Het knappe gelaat had een blanke tint, een kortgeknipt blond snorretje
sierde de bovenlip, de helderblauwe oogen hadden een eerlijke, oprechte
uitdrukking en de regelmatige, witte tanden verhoogden den prettigen
indruk, dien het geheel maakte.

Aan de welgevormde rechterhand prijkte een gladde trouwring en dit was


de eenige kostbaarheid, die de jonge man droeg.

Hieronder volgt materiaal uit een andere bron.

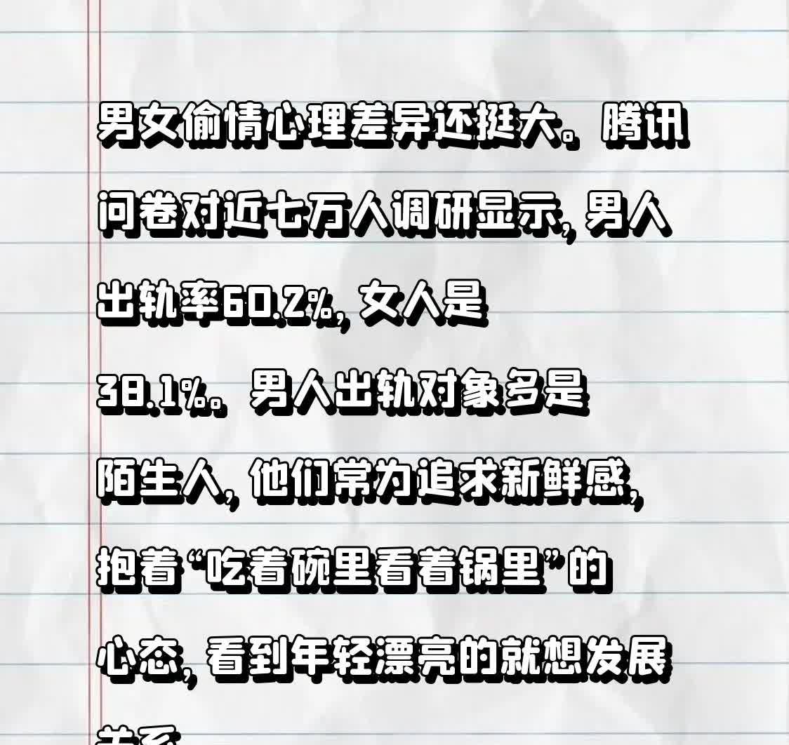 男女偷情时的心理差别可真是相当大呢。有调研显示,男人的出轨率达到了60.2%,而

Hij was de eenige zoon van een der aanzienlijkste Amsterdamsche


industrieelen en juist kort geleden, nadat hij in het huwelijk was getreden,
door zijn vader als deelgenoot in de zaak opgenomen. Bij zijn huwelijk met
een meisje van voornamen Frieschen adel had de jonge Herman de
Breesop van zijn vader een prachtig huis in het Museumkwartier ten
geschenke gekregen, dat hij nu met zijn jeugdige echtgenoote en een
uitgebreid dienstpersoneel bewoonde.

De vierde medespeler aan het groene whisttafeltje had een meer burgerlijk
uiterlijk dan de drie andere heeren.

Klein en gezet van gestalte, met levendige oogen en drukke gebaren, met
het ronde gelaat en den steeds tot lachen gereedstaanden mond, maakte
hij reeds op den eersten blik een prettigen indruk. En wanneer men den
kleinen bankdirecteur, Frits van Egelen, eenmaal had leeren kennen, werd
men onwillekeurig aangetrokken door zijn jovialen, hartelijken toon, zijn
gullen lach en eerlijke rondborstigheid.

Meer dan een uur lang was het viertal verdiept geweest in de kansen van
het spel en Frits van Egelen was bezig, de door hem en zijn partner
behaalde winst te noteeren, toen graaf van Sloten op zachten toon sprak:

„Wie is die heer, die hier recht tegenover mij aan dat tafeltje zit? Kent gij
hem?”

Hij had de vraag gericht tot Herman de Breesop, die het dichtst bij hem
zat.

Deze keek in de hem aangeduide richting en antwoordde toen:

„Ja, ik ken hem. Het is een persoon, die in Amsterdam wel bekend, maar
niet bemind is, een zekere Heemberg. Hij is millionnair en woont hier in
een van de grootste huizen aan de Heerengracht.”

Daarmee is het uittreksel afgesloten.